• [Work to complete]:
I'd ask you to write out the lines below exactly, with no images.

• [Dataset records]:
* * *
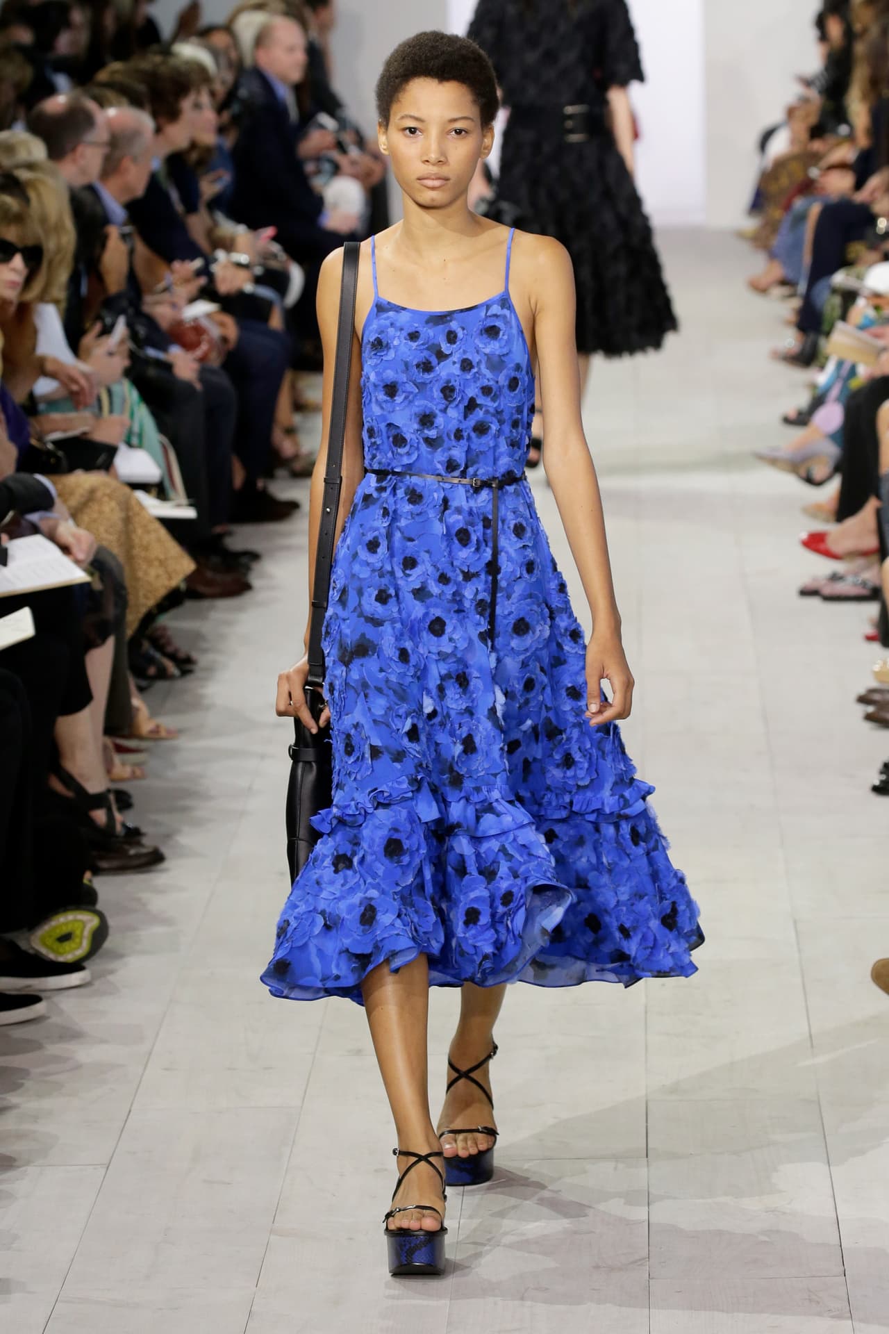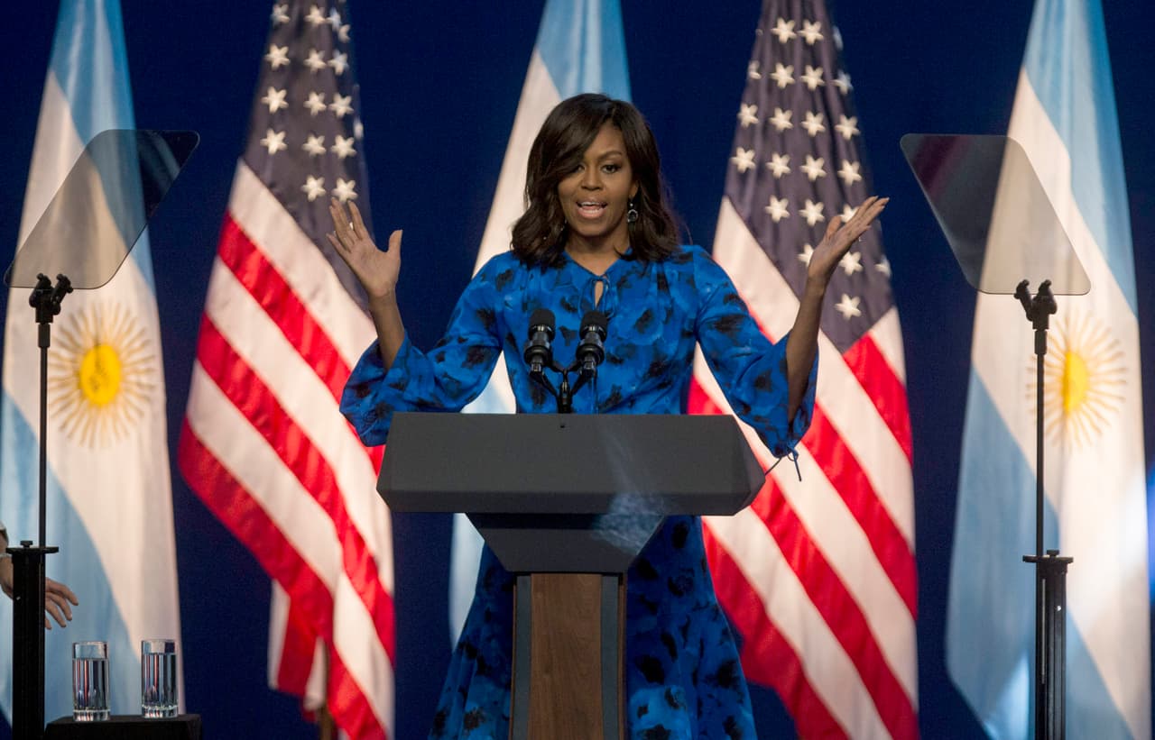 Con un estilo que privilegia los vestidos muy lady like, es decir, de corte en la cintura y faldas de vuelo amplio, Michelle Obama eligió un vestido azul de print botánico en color azul de la colección primavera 2016 de Michael Kors. Una manera de homenajear a los argentinos siempre tan identificados con el tono de su bandera.
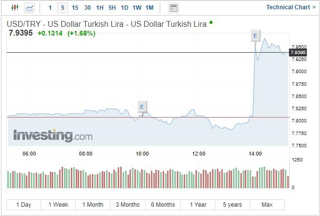 Aπώλειες σχεδόν 2% καταγράφει η τουρκική λίρα, καθώς η κεντρική τράπεζα διέψευσε τις προσδοκίες και δεν προχώρησε σε αύξηση επιτοκίων.
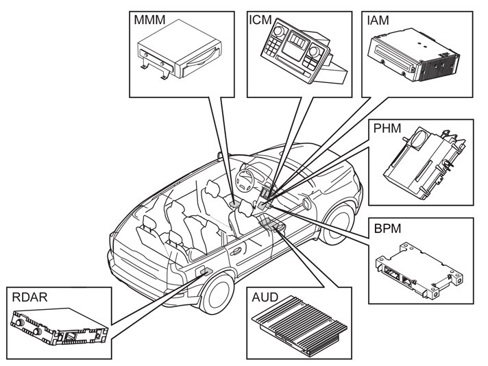 The infotainment control module (ICM) deals with monitoring and communication on the MOST network. The infotainment control module (ICM) is in turn monitored by the central electronic module (CEM) on the CAN network.
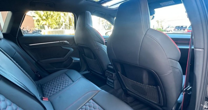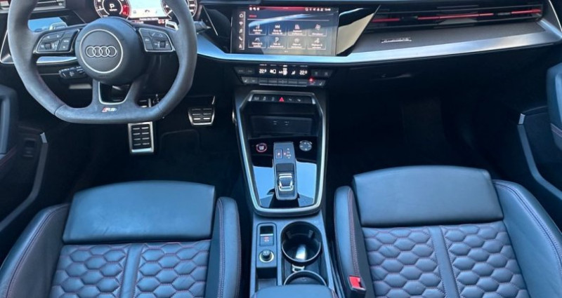 AUDI RS3 III SPORTBACK 2.5 TFSI 400 QUATTRO S TRONIC Véhicule en excellent état Suivi complet Audi Immatriculation Monégasque Malus de 20 000€ à prévoir pour une immatriculation en France Echappement Milltek Date de mise en circulation : 26/04/2023 Kilométrage : 47000kms Exterieur : Noir métalisée / Carbon Interieur : Cuir / Surpiqûres Rouge Equipements et Options : Aide parking av/ar Volant Alcantara Châssis sport Échappement sport Étriers de freins rouges Inserts décoratifs en carbone Atlas Structure Frein de parking automatique Hayon électrique Jantes alu 19 Jantes noires Rétroviseurs rabattables électriquement Toit ouvrant panoramique Régulateur adaptatif Réception radio numérique (DAB) Direction progressive Volant cuir Sport multifonctions Plus 3 branches avec méplat et palettes de commande au volant Audi Drive Select Pack Eclairage d'ambiance multicolore Rétroviseur intérieur jour/nuit automatique sans encadrement Audi Connect navigation Accoudoir central coulissant en longueur, avec inclinaison réglable Pare-brise à vitrage acoustique Audi Connect Appel d?urgence & Service Rétroviseurs extérieurs réglables, dégivrants, rabattables électriquement avec fonction rabat MMI Navigation plus avec MMI touch Sellerie Dinamica/cuir mono.pur 550 Climatisation automatique Démarrage sans clef Pack carbone Pack confort Palettes au volant Pédalier alu Prise audio USB Régulateur limiteur de vitesse Rétroviseur int. jour/nuit auto Sièges chauffants Sièges électriques Sièges sport Système audio Bang & Olufsen Volant réglable en hauteur et profondeur Intérieur cuir Écran tactile APPLE CAR PLAY Système d'entrée sans clef Virtual cockpit Audi Park Assist Assistant de feux de route Appel d'urgence Audi connect Détecteur de pluie et de luminosité Phares à LED avec clignotants dynamiques AR Alerte de sortie de voie Audi pre sense front Dispositif de limitation de vitesse Airbags latéraux à l'AV et système d'airbags de tête Commande de désactivation de l'airbag passager AV Contrôle de la pression des pneus Adaptative Cruise Control Aide au démarrage en côte Alerte franchissement ligne Système d'alarme antivol Affichage tête haute Audi Hold Assist Audi Pre Sense Basic Audi smartphone interface Caméras(360°) Clé confort incluant déverrouillage du coffre par capteur (avec Safelock) + Alarme antivol MMI Radio Plus Pack Design RS Rouge Phares Matrix LED avec clignotants dynamiques à l'AV et à l'AR Système de lecture des panneaux de signalisation par caméra RS MONACO VOUS PROPOSE AUSSI : * ACHAT & REPRISE de votre ancien véhicule * Gestion des démarches administratives liées à l'immatriculation et carte grise de votre véhicule, en France et à Monaco. * Véhicule garanti 3 mois. * Financement de votre nouvelle acquisition possible (Validation sous 48 heures sous réserve d'acceptation du dossier) Nos Horaires : Du Lundi au Vendredi de 9h00 à 18h30 Non Stop. Notre Adresse : RS MONACO, 32 bd du Jardin Exotique, 98000 Monaco Aucune responsabilité n’est assumée par notre société en cas d’erreurs
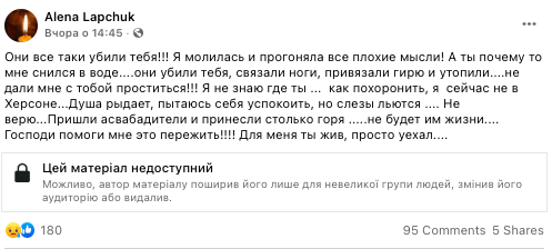 “Вони вбили тебе, зв’язали ноги, прив’язали гирю і втопили… Не дали мені з тобою попрощатися!”- пише дружина.
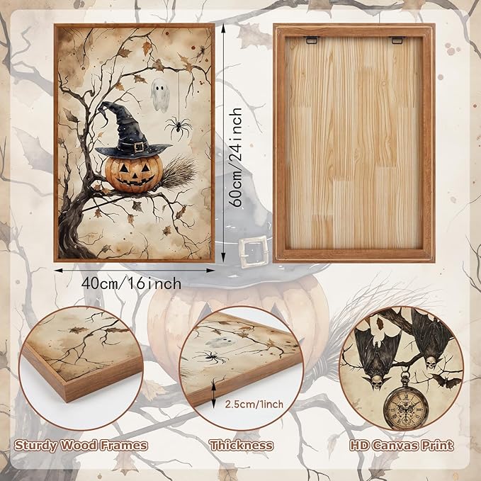 - 【Premium Quality Art Print】This large vintage Halloween picture wall art is carefully crafted with high quality canvas and advanced HD printing techniques to ensure that each print is clear and crisp. Resist fading and preserves as much detail and vibrant color as possible. The decorative painting is reinforced with a sturdy PS frame to provide solid support and protection against potential damage.
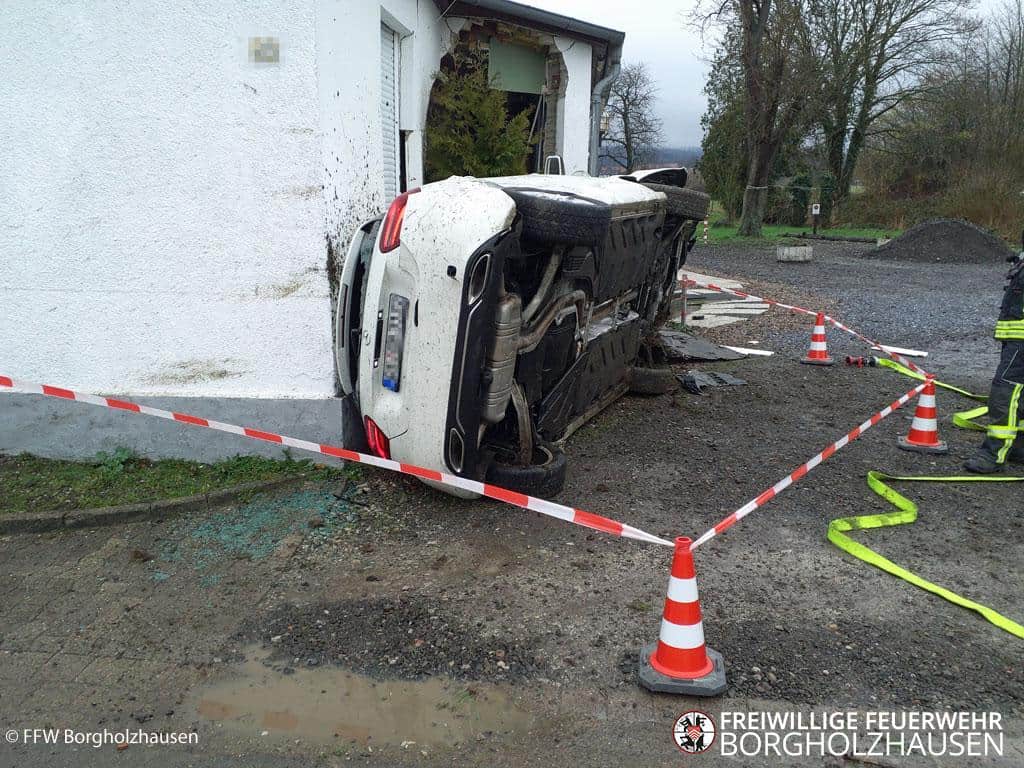 Verkehrsunfall – Auto in Hauswand – 4 verletze Personen
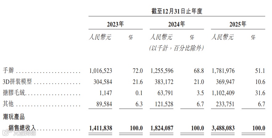 品类策略聚焦手办(2025年营收占比51%)、3D拼装模型及搪胶毛绒(2023-2025年收入从110万元激增至11.024亿元)。三丽鸥联名搪胶单品年销超3.58亿元。
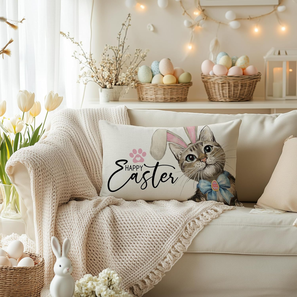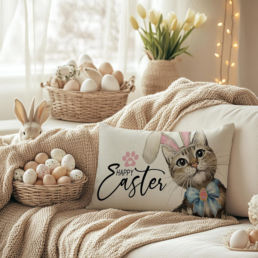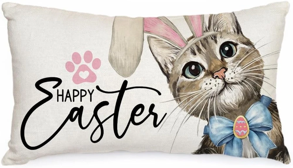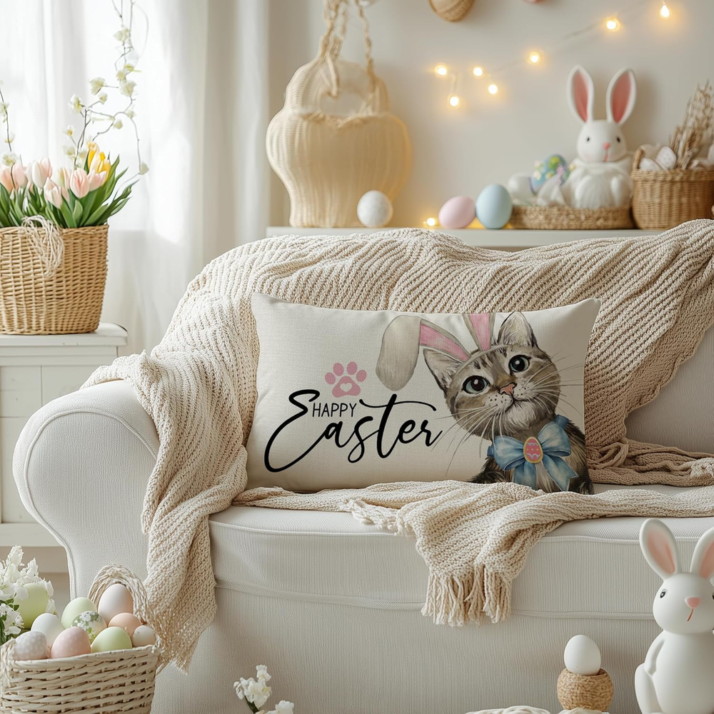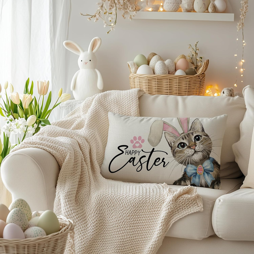 Easter 12x20 Inch Cat Rabbit Ear Decorative Pillow Cover for Holiday Party
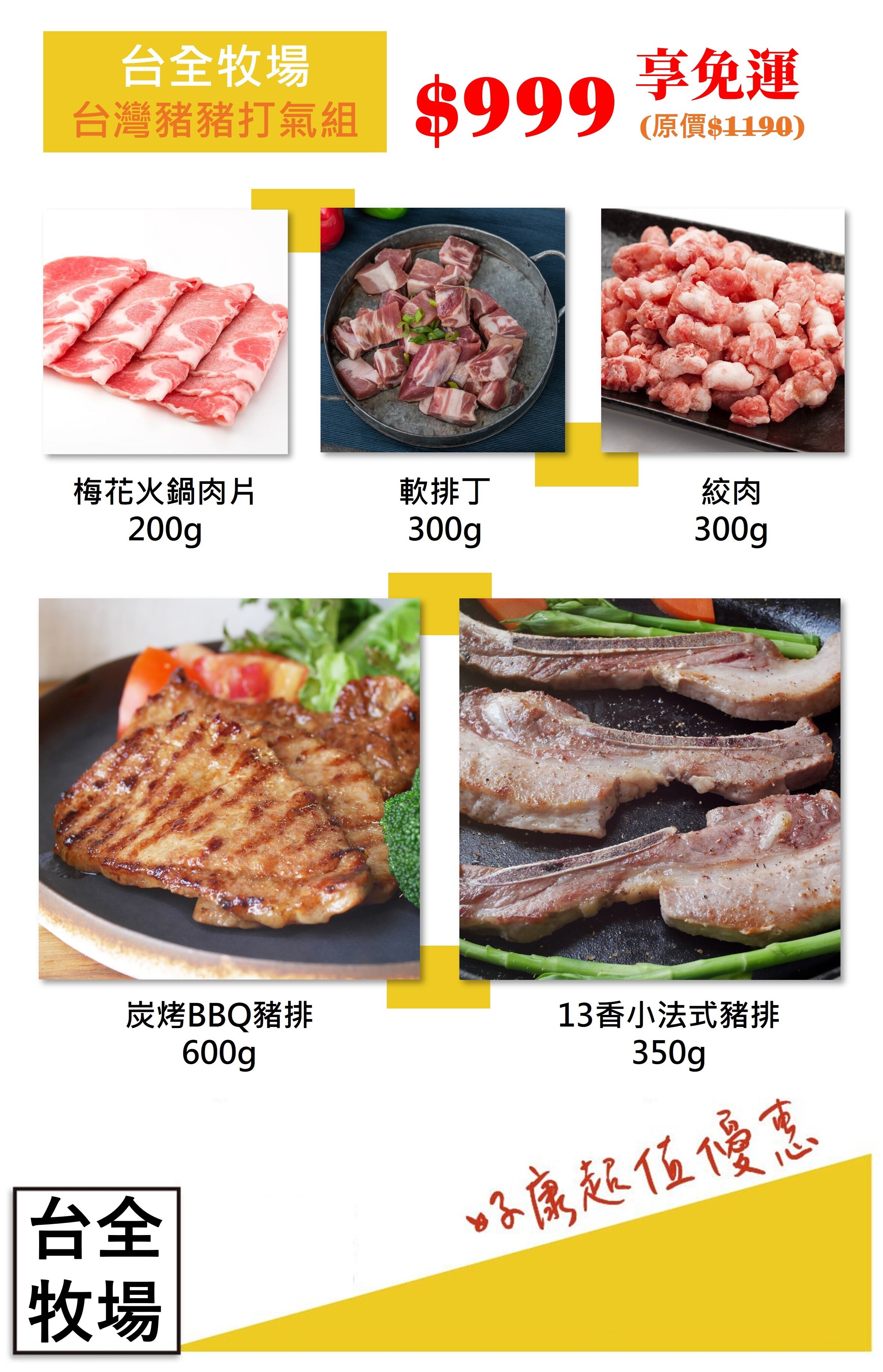組合包含梅花火鍋肉片200g、軟排丁300g、絞肉300g、13香小法式豬排350g、炭烤BBQ豬排600g。
* * *
• [Answer section]:
 Con un estilo que privilegia los vestidos muy lady like, es decir, de corte en la cintura y faldas de vuelo amplio, Michelle Obama eligió un vestido azul de print botánico en color azul de la colección primavera 2016 de Michael Kors. Una manera de homenajear a los argentinos siempre tan identificados con el tono de su bandera.
 Aπώλειες σχεδόν 2% καταγράφει η τουρκική λίρα, καθώς η κεντρική τράπεζα διέψευσε τις προσδοκίες και δεν προχώρησε σε αύξηση επιτοκίων.
 The infotainment control module (ICM) deals with monitoring and communication on the MOST network. The infotainment control module (ICM) is in turn monitored by the central electronic module (CEM) on the CAN network.
 AUDI RS3 III SPORTBACK 2.5 TFSI 400 QUATTRO S TRONIC Véhicule en excellent état Suivi complet Audi Immatriculation Monégasque Malus de 20 000€ à prévoir pour une immatriculation en France Echappement Milltek Date de mise en circulation : 26/04/2023 Kilométrage : 47000kms Exterieur : Noir métalisée / Carbon Interieur : Cuir / Surpiqûres Rouge Equipements et Options : Aide parking av/ar Volant Alcantara Châssis sport Échappement sport Étriers de freins rouges Inserts décoratifs en carbone Atlas Structure Frein de parking automatique Hayon électrique Jantes alu 19 Jantes noires Rétroviseurs rabattables électriquement Toit ouvrant panoramique Régulateur adaptatif Réception radio numérique (DAB) Direction progressive Volant cuir Sport multifonctions Plus 3 branches avec méplat et palettes de commande au volant Audi Drive Select Pack Eclairage d'ambiance multicolore Rétroviseur intérieur jour/nuit automatique sans encadrement Audi Connect navigation Accoudoir central coulissant en longueur, avec inclinaison réglable Pare-brise à vitrage acoustique Audi Connect Appel d?urgence & Service Rétroviseurs extérieurs réglables, dégivrants, rabattables électriquement avec fonction rabat MMI Navigation plus avec MMI touch Sellerie Dinamica/cuir mono.pur 550 Climatisation automatique Démarrage sans clef Pack carbone Pack confort Palettes au volant Pédalier alu Prise audio USB Régulateur limiteur de vitesse Rétroviseur int. jour/nuit auto Sièges chauffants Sièges électriques Sièges sport Système audio Bang & Olufsen Volant réglable en hauteur et profondeur Intérieur cuir Écran tactile APPLE CAR PLAY Système d'entrée sans clef Virtual cockpit Audi Park Assist Assistant de feux de route Appel d'urgence Audi connect Détecteur de pluie et de luminosité Phares à LED avec clignotants dynamiques AR Alerte de sortie de voie Audi pre sense front Dispositif de limitation de vitesse Airbags latéraux à l'AV et système d'airbags de tête Commande de désactivation de l'airbag passager AV Contrôle de la pression des pneus Adaptative Cruise Control Aide au démarrage en côte Alerte franchissement ligne Système d'alarme antivol Affichage tête haute Audi Hold Assist Audi Pre Sense Basic Audi smartphone interface Caméras(360°) Clé confort incluant déverrouillage du coffre par capteur (avec Safelock) + Alarme antivol MMI Radio Plus Pack Design RS Rouge Phares Matrix LED avec clignotants dynamiques à l'AV et à l'AR Système de lecture des panneaux de signalisation par caméra RS MONACO VOUS PROPOSE AUSSI : * ACHAT & REPRISE de votre ancien véhicule * Gestion des démarches administratives liées à l'immatriculation et carte grise de votre véhicule, en France et à Monaco. * Véhicule garanti 3 mois. * Financement de votre nouvelle acquisition possible (Validation sous 48 heures sous réserve d'acceptation du dossier) Nos Horaires : Du Lundi au Vendredi de 9h00 à 18h30 Non Stop. Notre Adresse : RS MONACO, 32 bd du Jardin Exotique, 98000 Monaco Aucune responsabilité n’est assumée par notre société en cas d’erreurs
 “Вони вбили тебе, зв’язали ноги, прив’язали гирю і втопили… Не дали мені з тобою попрощатися!”- пише дружина.
 - 【Premium Quality Art Print】This large vintage Halloween picture wall art is carefully crafted with high quality canvas and advanced HD printing techniques to ensure that each print is clear and crisp. Resist fading and preserves as much detail and vibrant color as possible. The decorative painting is reinforced with a sturdy PS frame to provide solid support and protection against potential damage.
 Verkehrsunfall – Auto in Hauswand – 4 verletze Personen
 品类策略聚焦手办(2025年营收占比51%)、3D拼装模型及搪胶毛绒(2023-2025年收入从110万元激增至11.024亿元)。三丽鸥联名搪胶单品年销超3.58亿元。
 Easter 12x20 Inch Cat Rabbit Ear Decorative Pillow Cover for Holiday Party
組合包含梅花火鍋肉片200g、軟排丁300g、絞肉300g、13香小法式豬排350g、炭烤BBQ豬排600g。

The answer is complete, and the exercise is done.